December 17, 2021

When prices rise, people tend to get upset. That gets magnified in these hard times, especially for essential items like hand sanitizer or personal protective equipment.

A normal reaction is, “the cost of making these items didn’t increase, so it must be price gouging.” This kind of thinking gets lots of attention, but it really isn’t a comprehensive way to think about pricing.

We need more nuance and fewer pitchforks, because simple “bad guy” narratives are usually missing something important. Even in normal times, there is a ton that businesses need to take into consideration when they set their prices. And those businesses are usually run by decent people just doing their best in a difficult situation, like everybody else.

Where supply meets demand, that’s where the magic of efficient business happens. The pandemic has sharply increased demand for some items, while also disrupting supply chains and daily operations.

From a free market perspective, price rises give the signal to produce more of something, or to find alternatives.

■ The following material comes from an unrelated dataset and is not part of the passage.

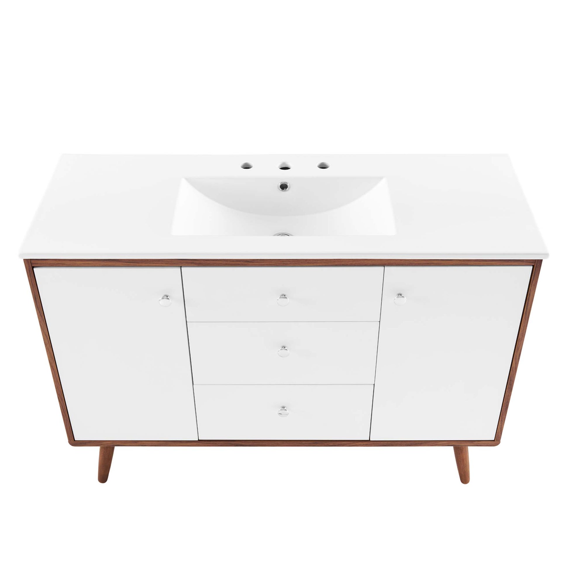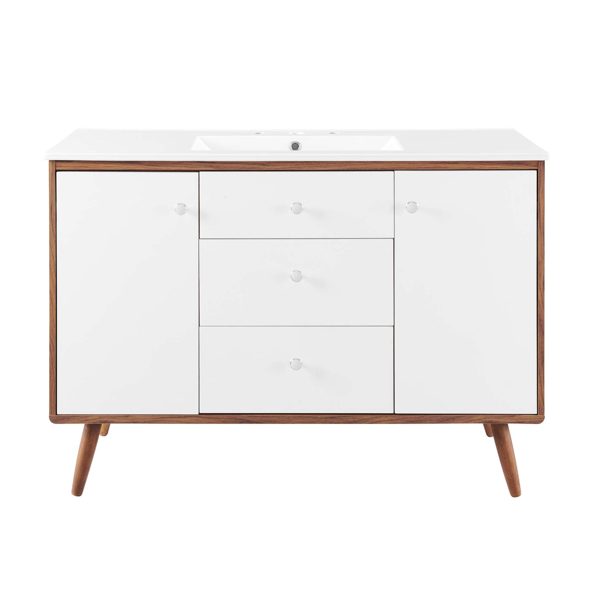 Use:Bring mid-century modern aesthetics into the bathroom with the Transmit 48" Bathroom Vanity. This vanity features a durable particleboard and walnut grain veneer construction with ample storage space for all your bathroom essentials behind two white lacquered soft-close hinged doors and two full-extension drawers with a fixed center drawer. A ceramic sink with an integrated countertop, 8" centerset, and rectangular sink basin continue the sleek look of this retro modern vanity. Complete with chrome knobs, this bathroom vanity rests atop four splayed wood legs. Assembly required and sink fixtures not included.,Mid-Century Modern Vanity

Very sharp price increases help ensure that shortages won’t last long. And when prices are high these products tend to drive more limited supplies to where they’re most valued.

It would be a mistake to think that individuals can properly decide who should get what stuff at what price. It’s too complex of a problem, and that’s the beauty of our market economy. The market harnesses the collective intelligence of everybody. It drives changes and reconfigurations much better and faster than anything else humans have come up with.

Anybody who has ever invested in residential real estate, or lived in a city with rent control, can relate to the problem. By trying to make things more “fair,” regulators typically create new, worse structural failings.

Bad behavior and companies exerting monopoly power illegally does happen. But these behaviors are not the story behind the vast majority of price increases. Nearly always it’s the free market at work- forever reacting to changing demands, evolving supply, and new innovations.

Before reaching for a pitchfork, I hope we can all step back and consider the nuance.